[Entries taken from a collection]
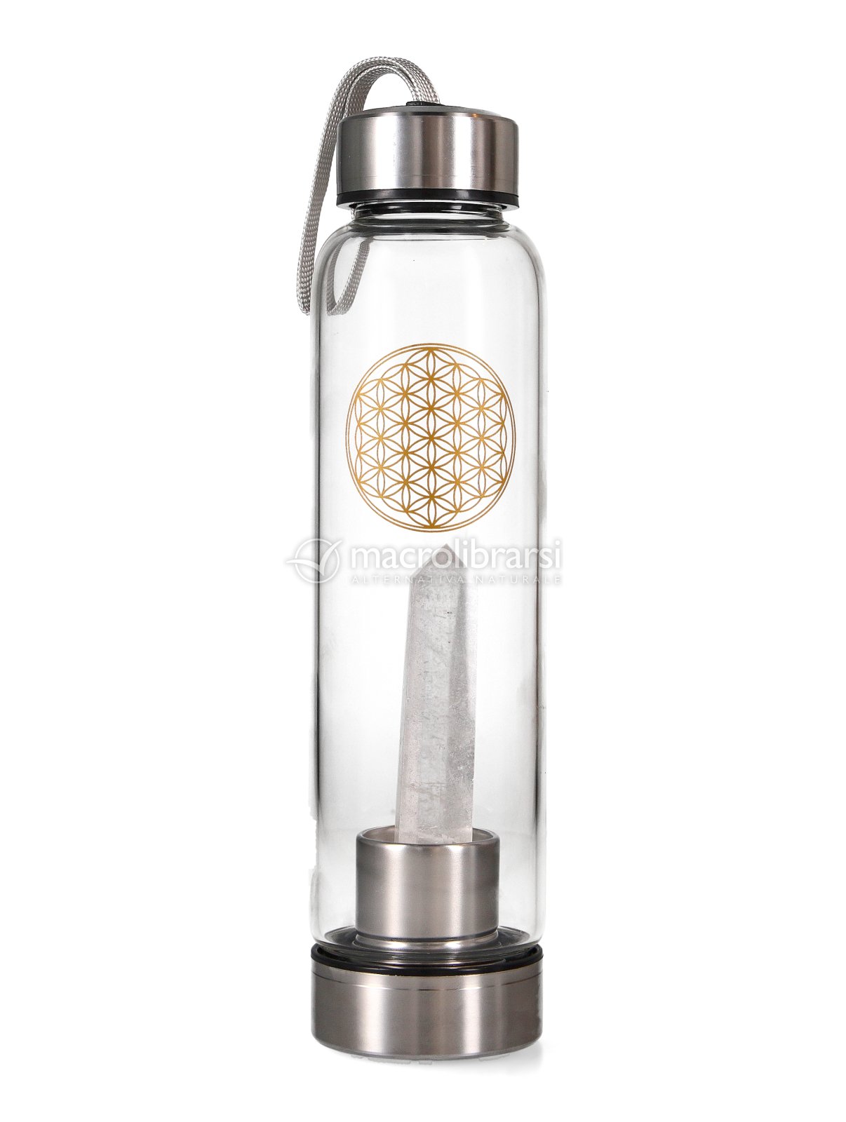 Acquagem – Bottiglia in Vetro con Punta in Cristallo di Rocca. Energizza la tua bevanda con l’intento dei cristalli, in modo pratico ed elegante.
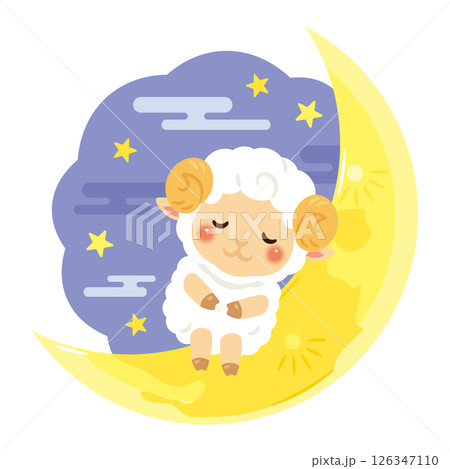 一隻睡著的綿羊和一彎新月的人物插圖
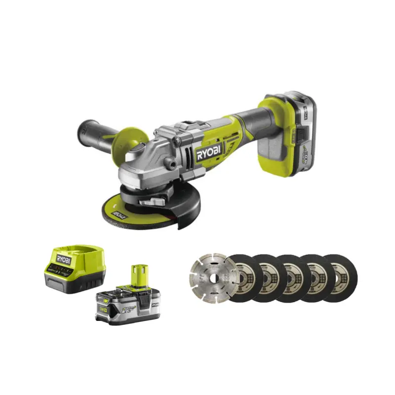 RYOBI 18V LithiumPlus One+ Brushless Angle Grinder - 1 x 4.0 Ah Battery - 1 x Fast Charger - R18AG7-140S:
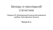 Беседы о прикладной статистике Семинар 10 Дисперсионный анализ
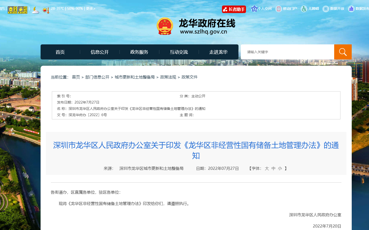 龙华区非经营性国有储备土地管理办法 第一章总则 第一条【制定目的与依据】 为进一步规范龙华区非经营性国有储备土地管理,创新国有储备土地分类管理工作机制,依...

* Activity *
Your answer must be an exact transcription of every entry, minus the pictures.

* Worked solution *
 Acquagem – Bottiglia in Vetro con Punta in Cristallo di Rocca. Energizza la tua bevanda con l’intento dei cristalli, in modo pratico ed elegante.
 一隻睡著的綿羊和一彎新月的人物插圖
 RYOBI 18V LithiumPlus One+ Brushless Angle Grinder - 1 x 4.0 Ah Battery - 1 x Fast Charger - R18AG7-140S:
 Беседы о прикладной статистике Семинар 10 Дисперсионный анализ
 龙华区非经营性国有储备土地管理办法 第一章总则 第一条【制定目的与依据】 为进一步规范龙华区非经营性国有储备土地管理,创新国有储备土地分类管理工作机制,依...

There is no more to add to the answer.